> Exercise requirements: Go over the data and copy out each line with "Obrador" in it.

> Data supplied:
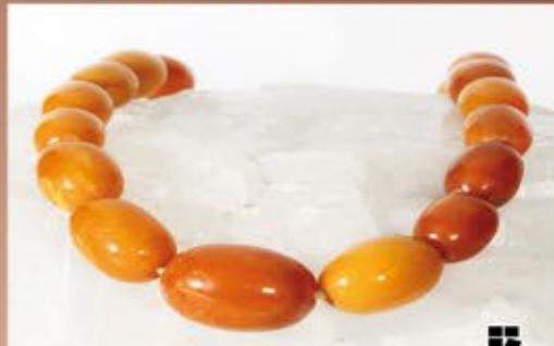
Ankauf von Bernstein
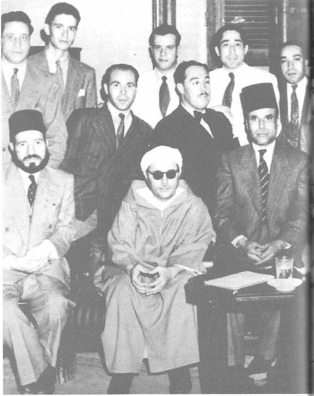
Habib Boularés.Op.Cit.p : 612.
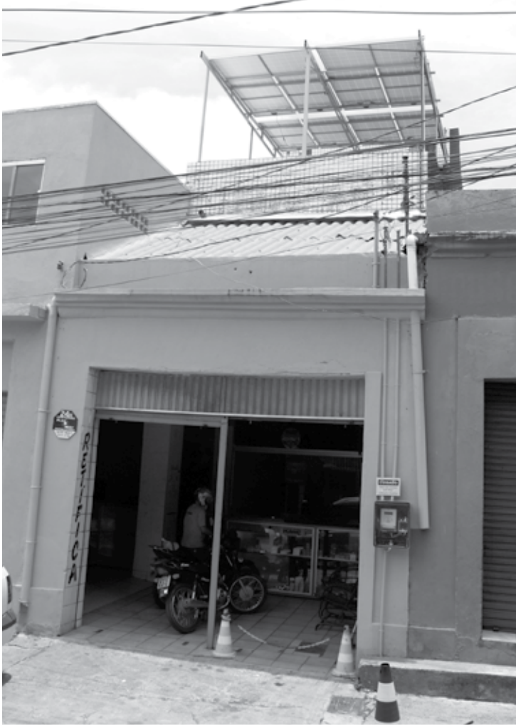
Na retífica, foram instalados 20 painéis solares, com potência de 330 watts cada
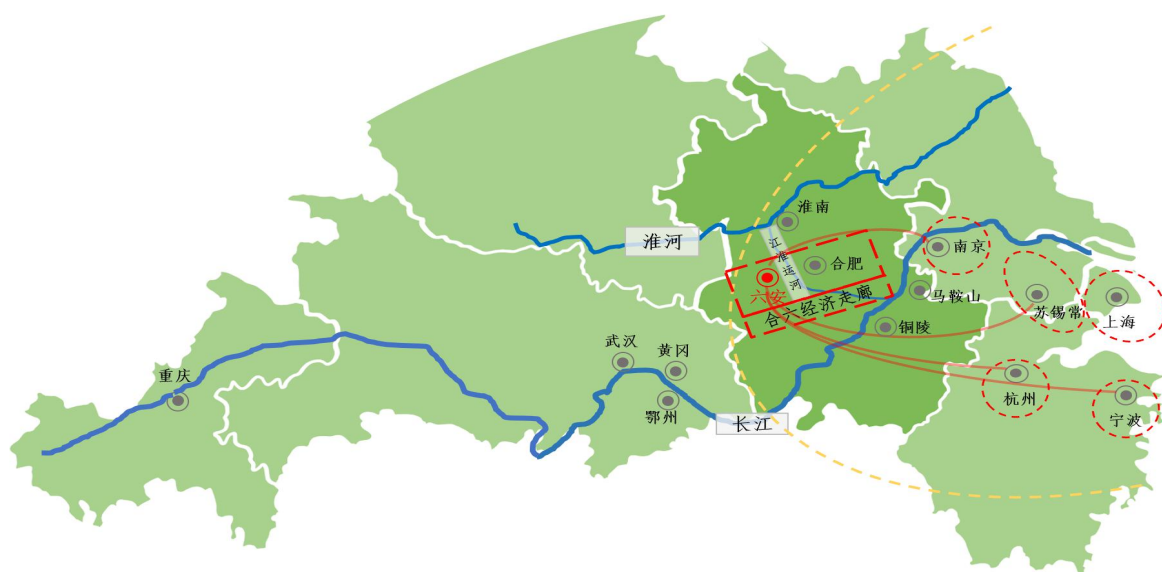
图 3 区域市场格局

3. 以长江和淮河生态保护为契机，扩大船用燃料电池市场空间。抓住船用能源清洁替代机遇，发挥我市大功率燃料电池研发制造的优势，加强与马鞍山、芜湖、铜陵、淮南、蚌埠等沿江河城市合作，推动我省内河船舶更新改造，扩大船用燃料电池市场空间，提升我市船舶用大功率燃料电池动力系统研发制造能力。通过燃料电池船舶通行航道的联通建设，带动港口加氢网络和氢能供应体系建设，构建以绿色船舶为主要应用场景的氢能产业生态。密切与长江中上游都市圈氢能发展合作交流，进一步拓展船用燃料电池应用市场空间。
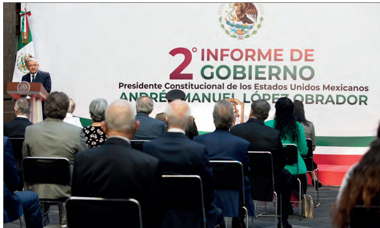
▲ En sus principales proyectos, el aeropuerto Felipe Ángeles, la refinera de Dos Bocas y el Tren Maya, vamos “viento en popa”, indicó López Obrador.

López Obrador resaltó que la pandemia de COVID-19 no es un asunto político, sino de salud pública, y ratificó que en noviembre se esperan resultados de la vacuna que México desarrolla con la Universidad de Oxford, la empresa británica AstraZeneca y el gobierno de Argentina, para aplicarla a más tardar a
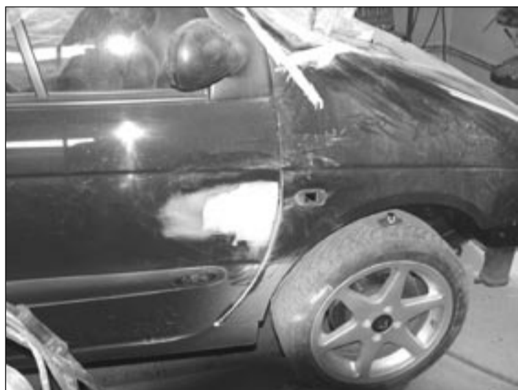
Po pierwszym remoncie auta konieczny był drugi.

w tydzień to robią, więc zostawiłam auto i 200 zł zaliczki – opowiada kobieta. – Minął tydzień, potem drugi, a auto dalej nie było zrobione. Nie było też mojej zaliczki, bo okazało się, że brat mu jej nie przekazał. Ciągłe słyszałam, że już robią, że jutro, że na pewno. W końcu pofatygował się tam mój mąż, który wrócił z zagranicy. O mało nie doszło do bitki. Pojechaliśmy z lawetą, żeby zabrać auto. Ale coś przy nim aku-
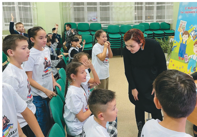
Айгуль Габитова няврамыт ёт потырты
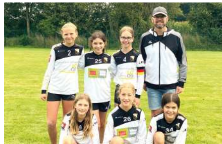
TSV Borgfeld - 5. Platz.
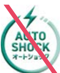
立体化してはならない
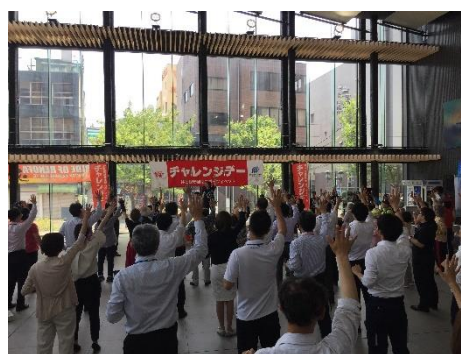
【下関市チャレンジデー2018】
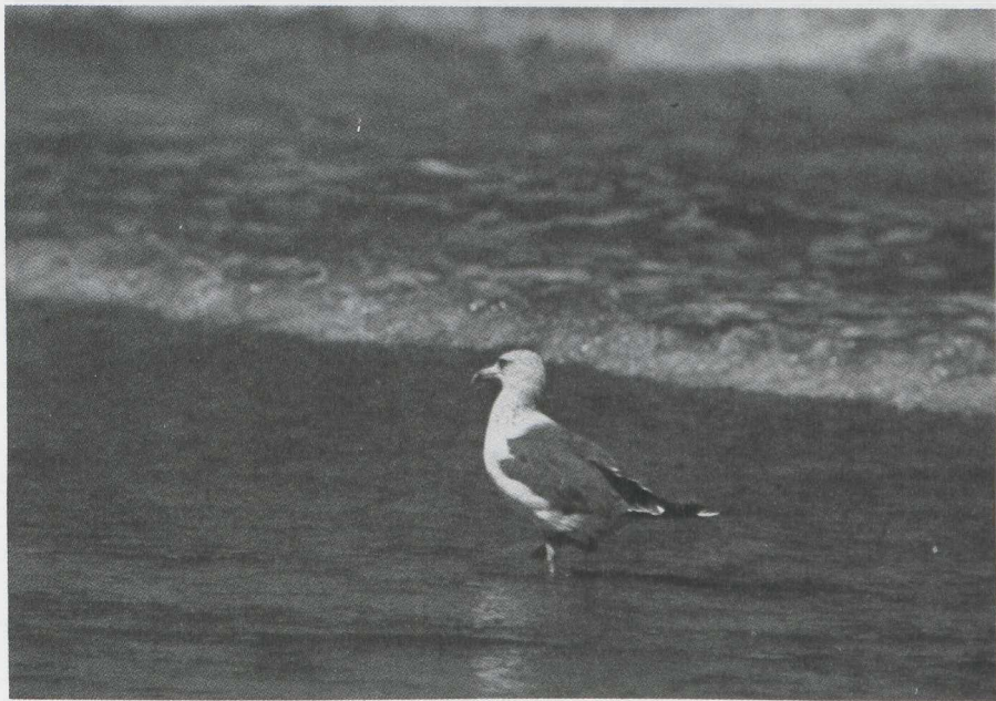
61. Larus cachinnans taimyrensis , Malindi, Kenya, januari 1980 (Jan Mulder)

Barth (1968) suggereerde een verband tussen de aanwezigheid en intensiteit van de wintervlekking en de leeftijd van de vogel.

> Answer to this exercise:
▲ En sus principales proyectos, el aeropuerto Felipe Ángeles, la refinera de Dos Bocas y el Tren Maya, vamos “viento en popa”, indicó López Obrador.
López Obrador resaltó que la pandemia de COVID-19 no es un asunto político, sino de salud pública, y ratificó que en noviembre se esperan resultados de la vacuna que México desarrolla con la Universidad de Oxford, la empresa británica AstraZeneca y el gobierno de Argentina, para aplicarla a más tardar a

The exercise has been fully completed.